I admit it: I have a type. I like bad boys with kind hearts. Stories that feature these guys (and I’ve read a lot of them) fill in those ticky boxes faster than you can say smoldering eyes and tattoos. You’d think by now I’d be over it, but clearly not. I devoured Simone Elkeles YA novel Perfect Chemistry in one sitting.
Brittany Ellis is eighteen and just beginning her senior year of high school in a Chicago suburb. She’s pretty and popular, captain of the cheerleading team, dating the hunky high school quarterback. She lives in a huge house on the right side of town.
Everyone knows I’m perfect. My life is perfect. My clothes are perfect. Even my family is perfect. And although it’s a complete lie, I’ve worked my butt off to keep up the appearance that I have it all. The truth, if it were to come out, would destroy my entire picture-perfect image.
Alejandro “Alex” Fuentes is also eighteen and also in his senior year, but his life is vastly different from Brittany’s. For one thing, he comes from the wrong side of the tracks. For another, he’s a gang banger.

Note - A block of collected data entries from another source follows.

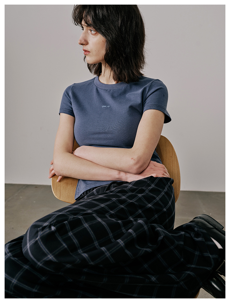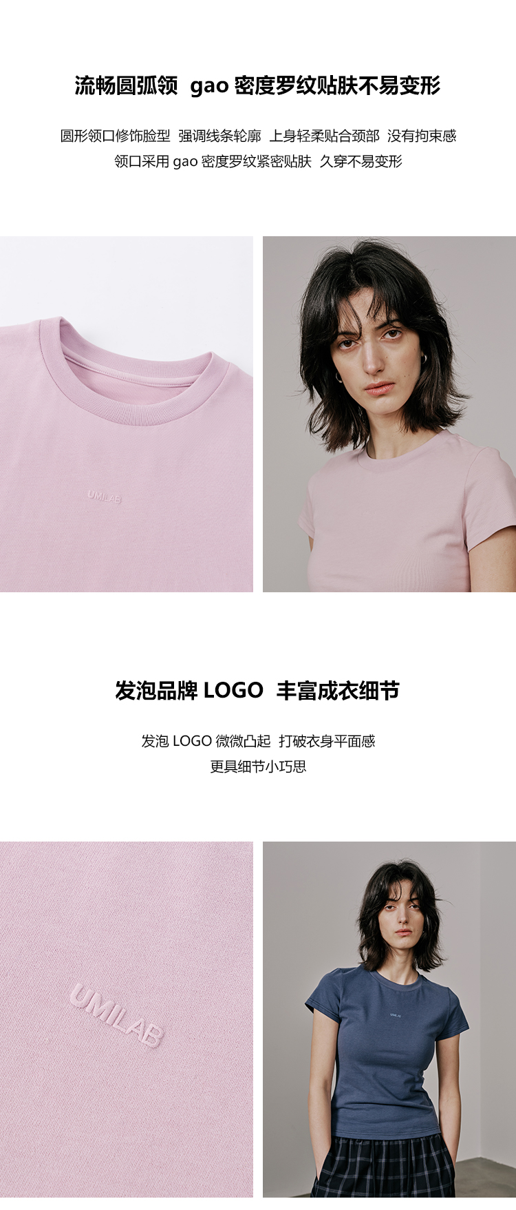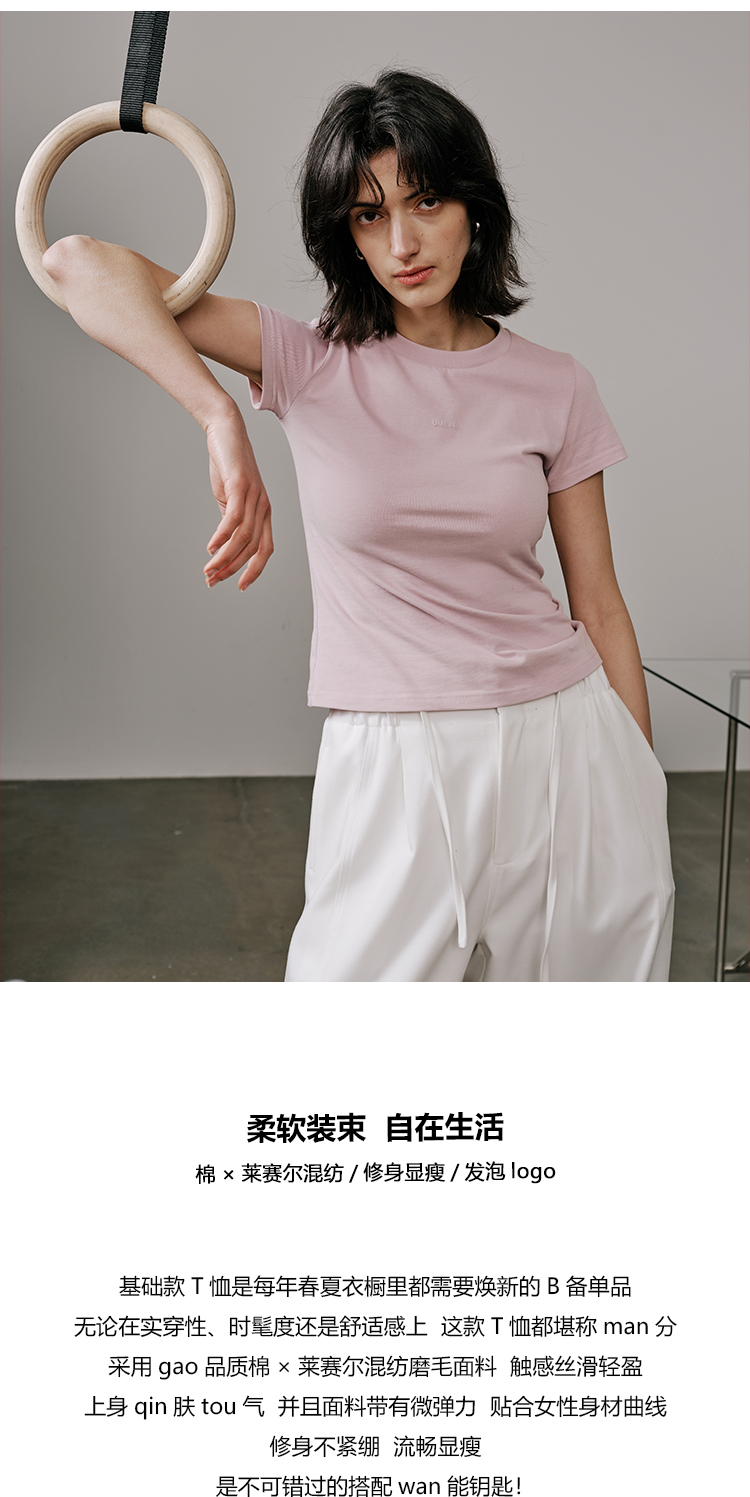 UMILAB【云游】棉×莱赛尔混纺触感丝滑发泡logo修身显瘦T恤T718M
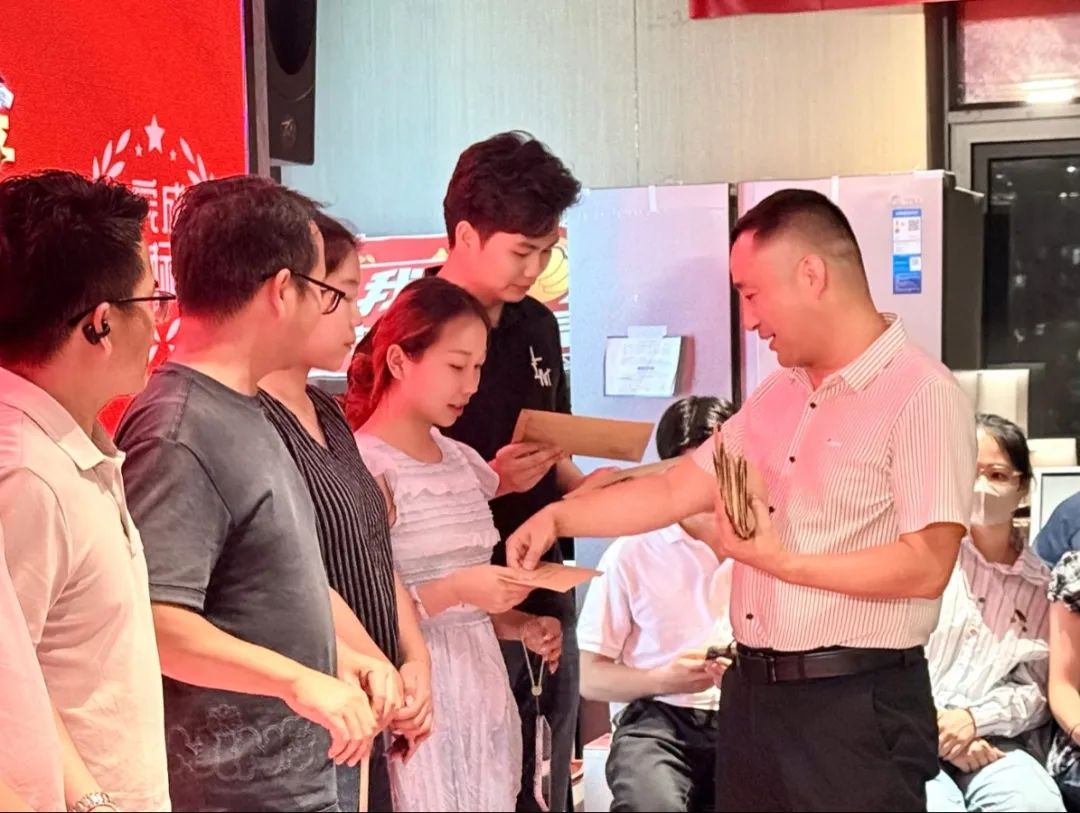 緊接著,會(huì)議進(jìn)入表彰環(huán)節(jié),星藝南寧區(qū)域總經(jīng)理周平生、區(qū)域設(shè)計(jì)總監(jiān)李明以及區(qū)域副總經(jīng)理胡四民分別為在第21屆家裝文化節(jié)(南寧站)活動(dòng)中業(yè)績(jī)突出、表現(xiàn)優(yōu)秀的團(tuán)隊(duì)、個(gè)人頒發(fā)活動(dòng)獎(jiǎng)金及榮譽(yù)證書,鼓勵(lì)現(xiàn)場(chǎng)星藝家人們發(fā)揮敢闖敢拼的精神,向榜樣看齊。
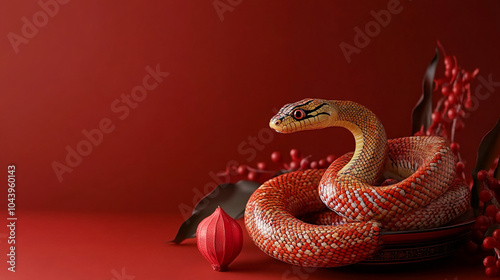© rafliand, Fototapeta premium chinese lunar new year with lantern and traditional lion dance background, year of the snake festival celebration background
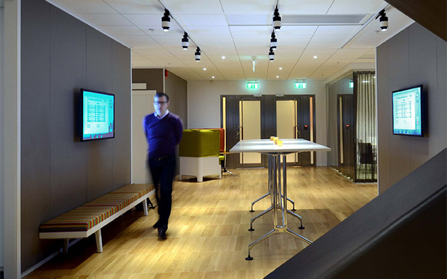 NEC was assigned the task of creating an energy-ef!cient audio visual infrastructure at United Spaces along with Adeste, supplier of PRINT and VISION solutions, and Lexter, supplier of sound design in public environments. The integrated solutions would, among other things, contribute to a better working environment, involving users in United Spaces’ environmental goals and enhancing the modern feeling that permeates the premises.
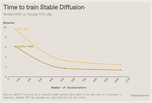 但与所有人的劲敌 Nvidia 相比,情况并不那么乐观。由 6,144 个 TPU v5ps 组成的系统在 11.77 分钟内到达了 GPT-3 训练检查点,远远落后于由 11,616 个 Nvidia H100 组成的系统,后者在大约 3.44 分钟内完成了任务。顶级 TPU 系统仅比其一半大小的 H100 计算机快约 25 秒。
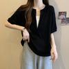New V-neck Right Shoulder Large Size Solid Color Short-sleeved T-shirt for Women Summer Sexy Hot Girl Top Fashionable To Wear Outside
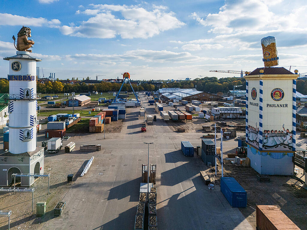 Der Rummel ist vorüber: Riesenrad, Wiesn-Zelte und Holzbuden sind längst in ihre Einzelteile zerlegt und abtransportiert worden. Auf einem Teil der Theresienwiese stehen bereits die weißen Zelte für das Winter-Tollwood (Start: 25. November). Der andere Teil liegt still und weitläufig da. Eine Frau spaziert mit dem Kinderwagen zwischen den verkümmerten Rasenflächen hindurch.
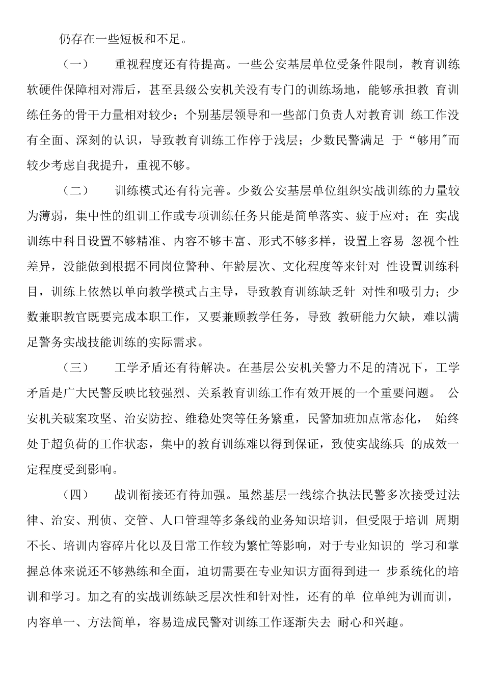 关于公安队伍能力素质建设队伍管理及的调研报告范文(三篇)关于公安队伍能力素质建设的调研报告篇一近年来,全市公安机关立足新形势新任务新挑战新考验,始终保持“本领恐慌"的忧患意识,不断提升公安机关政治能力、职业素养、专业水平和实战本领,着力锻造“四个铁一般”过硬XX公安铁军,为公安机关忠实履行新时代使命任务提供坚强保证。一、具体实践和经验成效全市公安机关着力加强政治建设,深入学习贯彻党的二十大精神,扎实开展学习贯彻习近平新时代中国特色社会主义思想主题教育,深化队伍教育整顿,持续强化“我为群众办实事''“我为基层解难题"等实践活动,纵深推进全警实战大练兵,宗旨意识进一步加强、政治生态进一步优化、能力素质进一步提升、纪律作风进一步严明、干事创业氛围进一步浓厚,打造了公安教育训练的新高地,形成了全警强素质、提能力的新风尚。(一)构建了实战练兵新思路。突出练兵先练“长",组织各级领导干部开展政治轮训、培训考核、比武竞赛,调查研究,切实形成大项任务冲在前、关键时刻站排头、日常工作干在先的实干担当氛围。突出基础训练、身体素质、心理健康“三维”发力,通过持续开展应知应会基本建论法规、适岗需求基本操作技能“双达标''和“健康警营"活动,大力建设心理服务团队,有效调动了广大民警辅警投身实战练兵的训练热情。突出“科学分类、精准施策、追赶超越"工作,科学制定量化考核标准,开展市、县两级公安机关教育训练画像评估,持续推进实战训练工作追赶超越高质量发展。(二)建设了警务专业新队伍。广大民警辅警履行岗位职责能力普遍提高,业务技能更加精湛,在各领域培养造就一大批适应新时代要求、发挥关键作用的专门人才和行家里手。从领导干部、先进典型、业务骨干、标兵能手中层层遴选,建成市、市、县三级教官库。目前,全市共有各级各类专兼职教官XXX人,经过培训认证的小教员达XXX余名,先后有X个集体和XX名个人被评为部级大练兵“标兵集体”“标兵个人(三)研发了实战实训新教程。通过开展优秀实战专题课程和“微课程”制作评比活动,研发编写执法规范、警务实战、心理建设等教案教程。组织部、市、市级培训教官制作拍摄重大安保勤务及实战技能、疫情防控系列视频、微课程,让一线民警利用工作间隙和业余时间,随时随地开展自主式学习训练。全市公安机关累计编撰训练教材XXX本、手册指引XXX册、案例汇编XXX套,制作微课慕课视频片XXX部,教学训练教材建设取得实质性突破。(四)取得了实战训练新成果。先后有X个集体和X名个人荣获全国公安机关教育训练工作成绩突出集体、先进个人;XX个集体、XX名个人受到全国公安系统英模模范立功集体表彰大会表彰;XXX个集体和XXX名个人在公安部举办的比武竞赛中斩获荣誉;首创的“健康警营”理念被公安部写入《公安政治工作“十四五"规划》,XXX个创新技战法被公安部收录推广,XXX个经验做法被市级以上媒体宣传报道。练兵工作有力助推了北京冬奥会、二十大安保维稳、中国-中亚峰会安保和疫情防控等一系列重大安保任务的圆满完成。二、存在的短板和不足近年来,全市公安机关始终将练兵的“准星”瞄准实战的“靶心”,坚持“干什么练什么、缺什么补什么'‘的要求,以最高标准、最强组织、最实举措、最佳状态,扎实有序深入推进全警实战练兵,取得了一定的成效,但仍存在一些短板和不足。(一)重视程度还有待提高。一些公安基层单位受条件限制,教育训练软硬件保障相对滞后,甚至县级公安机关没有专门的训练场地,能够承担教育训练任务的骨干力量相对较少;个别基层领导和一些部门负责人对教育训练工作没有全面、深刻的认识,导致教育训练工作停于浅层;少数民警满足于“够用"而较少考虑自我提升,重视不够。(二)训练模式还有待完善。少数公安基层单位组织实战训练的力量较为薄弱,集中性的组训工作或专项训练任务只能是简单落实、疲于应对;在实战训练中科目设置不够精准、内容不够丰富、形式不够多样,设置上容易忽视个性差异,没能做到根据不同岗位警种、年龄层次、文化程度等来针对性设置训练科目,训练上依然以单向教学模式占主导,导致教育训练缺乏针对性和吸引力;少数...

Senior year. I should be proud I’ll be the first family member in the Fuentes household to graduate high school. But after graduation, real life will start. College is just a dream. Senior year for me is like a retirement party for a sixty-five-year-old. You know you can do more, but everyone expects you to quit.
The interesting thing about both of these characters is that what the reader sees on the surface is only part of their story. The alternating first person points of view allows us a glimpse into lives which are much more than what they initially appear. Brittany and Alex would have no reason to ever interact. In fact on the first morning of school, Brittany’s reaction at almost hitting Alex while trying to nab a parking spot pretty much says it all:
Alex takes a step toward my car. My instincts tell me to abandon my car and flee, as if I was stuck on railroad tracks with a train heading straight for me….
But Brittany is no shrinking violet and when, later that day, she’s paired with Alex for a year-long chemistry project, she gives as good as she gets. So, naturally, sparks fly.
Perfect Chemistry is a love story, true, but it is also a story about making choices, standing up for what you believe in, and breaking down those stereotypes which often hold us prisoner. Brittany and Alex are well-written characters, believable and relateable. I really wanted things to work out for them.
Back in the 70s there was a movie very similar to this book. It’s cheesy now because frankly, blue-eyed Robby Benson was never going to make a very convincing “Chicano”. Still, it has similar themes. In case you have some time to kill, check out Walk Proud.